In studying the accounts that sent abusive messages, 227 of 253 remained active at least a month after they were reported. Forty-eight hours after they were reported, 99.6 percent of the accounts remained online. (Instagram said accounts are banned after three strikes, and lose the ability to send direct messages after a first strike.)
The report argued for stronger regulation, accusing Big Tech companies of being unable to regulate themselves. Their commitments to halting harassment were without teeth and secondary to the goal of profit, the report said.
In the meantime, women were left to work out their own coping strategies. Some choose to not engage with the direct messages, but Ms.
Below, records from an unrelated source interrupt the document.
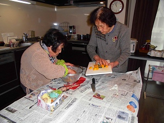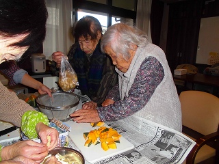グループホームの利用者さんと一緒に昼食のおみそ汁の具を切って下さいました。
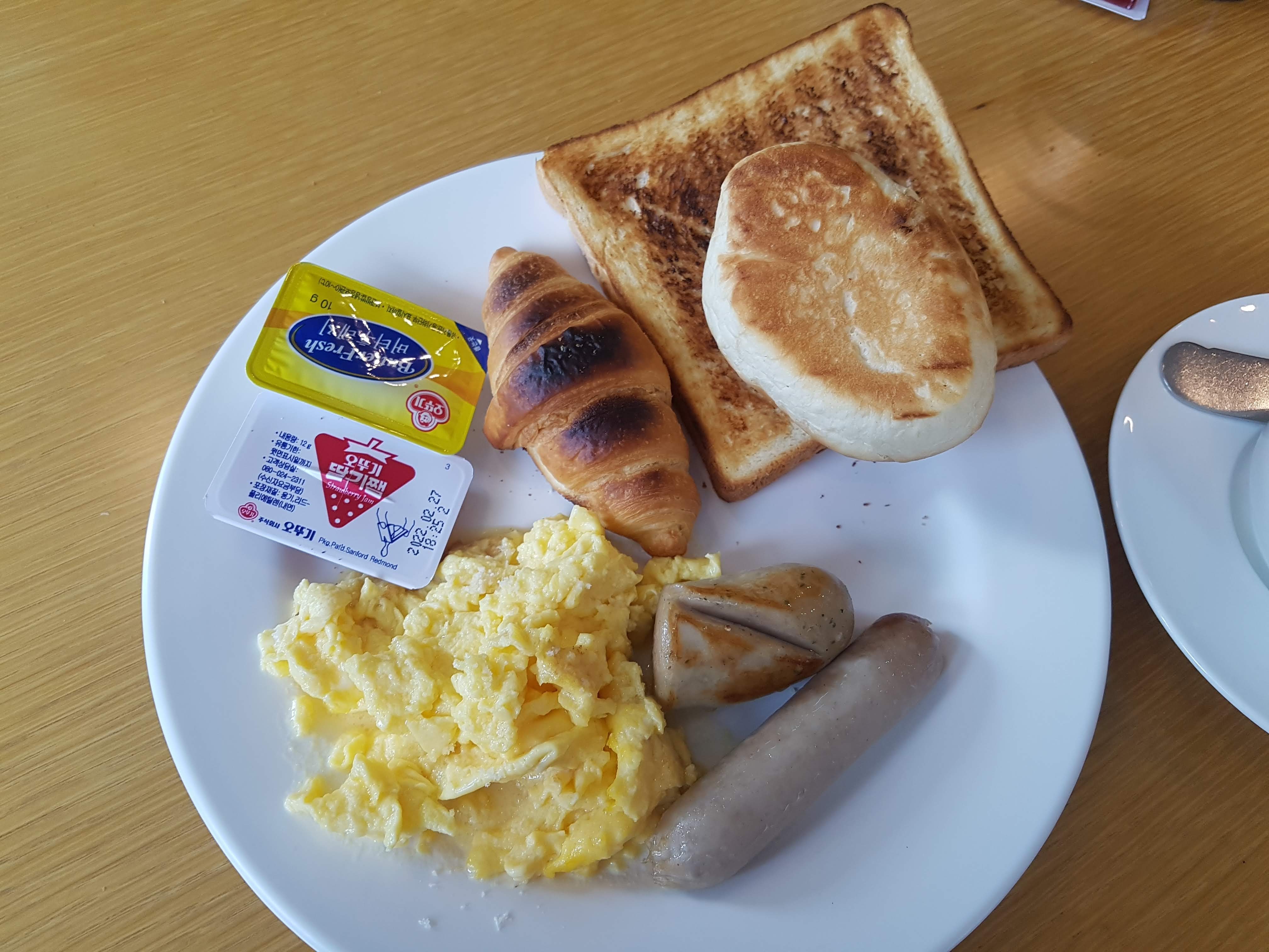오늘 조식의 주인공, "김치 콩나물 국"입니다. 지방 도시의 호텔을 이용할 때마다 느끼는 건 한식의 강자가 바로 이곳에 있다는 것이지요. 한식은 지방에 있는 호텔의 셰프들이 맛있게 잘 만들어요.
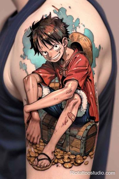 Hình xăm Luffy là kiểu hình xăm được thiết kế dựa trên hình tượng nhân vật Monkey D. Luffy – thủ lĩnh băng Mũ Rơm trong bộ truyện tranh và anime nổi tiếng “One Piece”. Luffy là một nhân vật nổi bật với tinh thần phiêu lưu, dũng cảm và khát vọng tự do mãnh liệt, không ngừng vươn lên để đạt được ước mơ trở thành Vua Hải Tặc.

Klinger said that was not an option for her, since she sometimes gets press requests to speak about her activism.
Ms. Heard said the experience, and the inability to do much about it, had increased her paranoia, indignation and frustration.
“Social media is how we connect with one another today and that medium is pretty much off limits to me,” she said in the report. “That’s the sacrifice I made, the compromise, the deal I made for my mental health.”